• DATA SECTION
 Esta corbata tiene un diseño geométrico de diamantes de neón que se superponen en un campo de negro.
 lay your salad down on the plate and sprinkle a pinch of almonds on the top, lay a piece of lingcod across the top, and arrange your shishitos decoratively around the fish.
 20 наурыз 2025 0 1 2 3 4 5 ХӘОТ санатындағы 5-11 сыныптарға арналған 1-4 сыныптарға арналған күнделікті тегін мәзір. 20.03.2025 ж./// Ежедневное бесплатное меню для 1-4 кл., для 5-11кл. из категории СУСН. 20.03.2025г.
==
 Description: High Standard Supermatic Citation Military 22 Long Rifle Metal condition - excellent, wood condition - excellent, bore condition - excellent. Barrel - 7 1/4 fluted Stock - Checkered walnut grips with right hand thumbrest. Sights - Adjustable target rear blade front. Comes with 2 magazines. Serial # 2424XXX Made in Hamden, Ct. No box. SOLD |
--
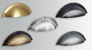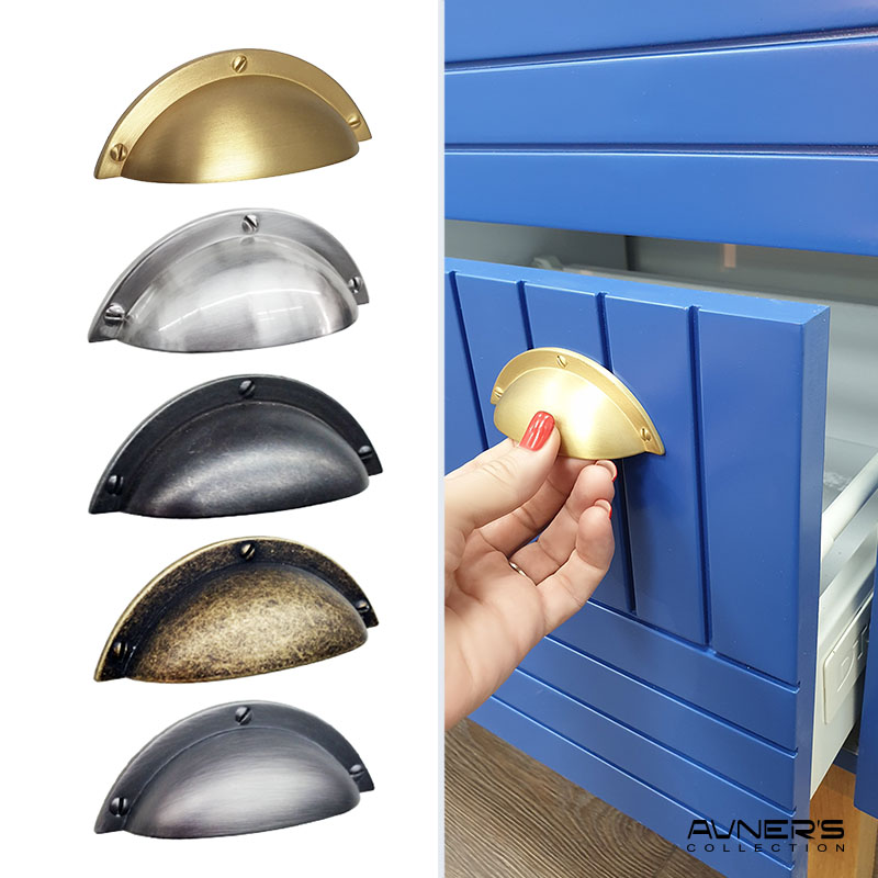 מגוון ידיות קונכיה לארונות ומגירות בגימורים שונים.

• WORK ORDER
Precisely the lines between those holding "Esta corbata tiene" and "20 наурыз 2025", inclusive, are to be reproduced from the listing above, with nothing added.

• EXERCISE OUTPUT
 Esta corbata tiene un diseño geométrico de diamantes de neón que se superponen en un campo de negro.
 lay your salad down on the plate and sprinkle a pinch of almonds on the top, lay a piece of lingcod across the top, and arrange your shishitos decoratively around the fish.
 20 наурыз 2025 0 1 2 3 4 5 ХӘОТ санатындағы 5-11 сыныптарға арналған 1-4 сыныптарға арналған күнделікті тегін мәзір. 20.03.2025 ж./// Ежедневное бесплатное меню для 1-4 кл., для 5-11кл. из категории СУСН. 20.03.2025г.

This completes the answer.